ASSIGNED TASK >> Copy everything in the listing below word for word, apart from any images.

DATA BLOCK >>
==========

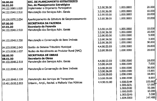Art. 2° Para efeito das suplementações constante no Artigo anterior, ficam anuladas as dotações orçamentárias, indicada no anexo II.
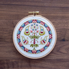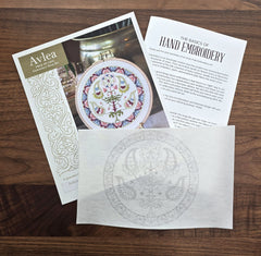 The Tree of Life stick-and-stitch embroidery design features a cypress tree motif inspired by Persian, Roman, and Greek art. Historically a symbol of mourning, the motif evolved in Christian art to represent eternal life. This kit allows you to stitch the design onto your chosen fabric, creating a meaningful and timeless piece of embroidery.
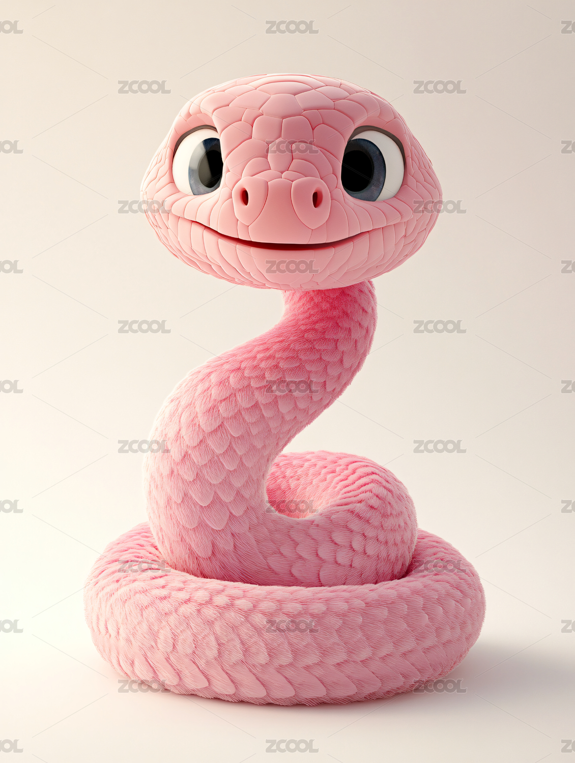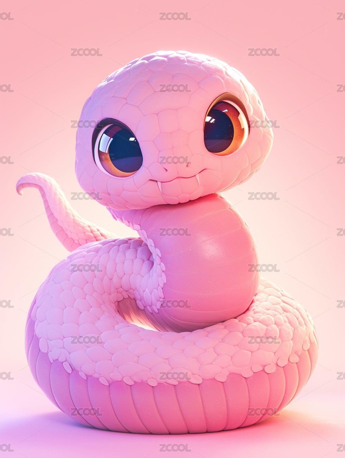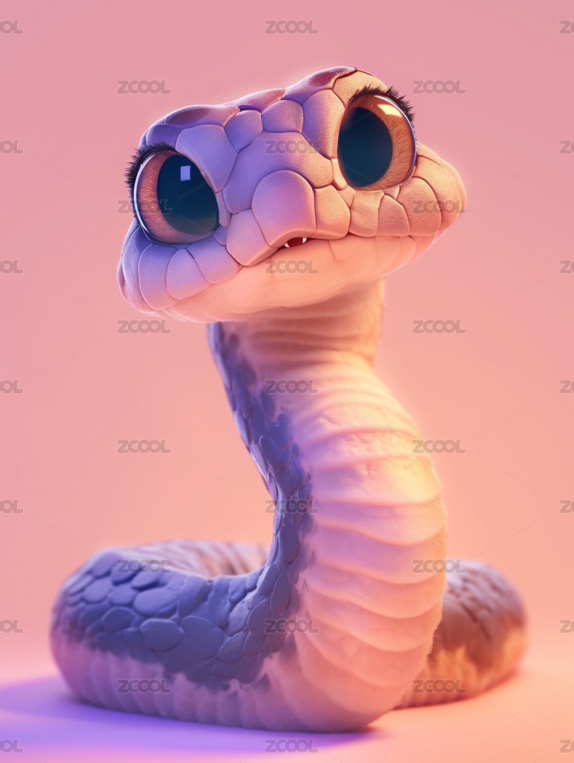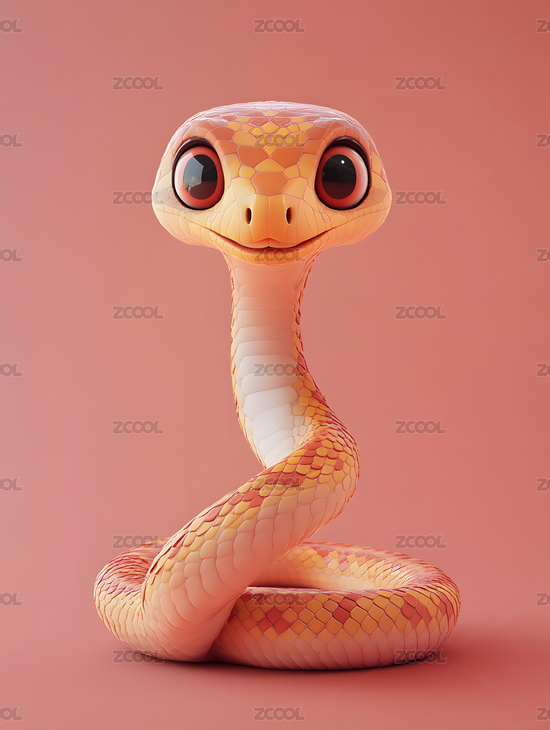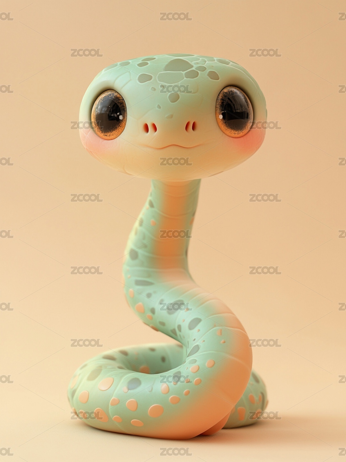 可爱卡通蛇年动物形象的吉祥物3D插画
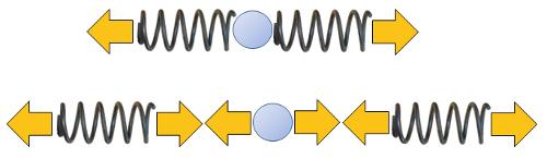 Si se desea modelar c mo se deforma un s lido bajo la influencia de una fuerza, primero se puede considerar el comportamiento de una subunidad, como dos resortes conectados uno al lado del otro, como se muestra en la imagen:

==========

ANSWER FOR THIS EXERCISE >>
Art. 2° Para efeito das suplementações constante no Artigo anterior, ficam anuladas as dotações orçamentárias, indicada no anexo II.
 The Tree of Life stick-and-stitch embroidery design features a cypress tree motif inspired by Persian, Roman, and Greek art. Historically a symbol of mourning, the motif evolved in Christian art to represent eternal life. This kit allows you to stitch the design onto your chosen fabric, creating a meaningful and timeless piece of embroidery.
 可爱卡通蛇年动物形象的吉祥物3D插画
 Si se desea modelar c mo se deforma un s lido bajo la influencia de una fuerza, primero se puede considerar el comportamiento de una subunidad, como dos resortes conectados uno al lado del otro, como se muestra en la imagen:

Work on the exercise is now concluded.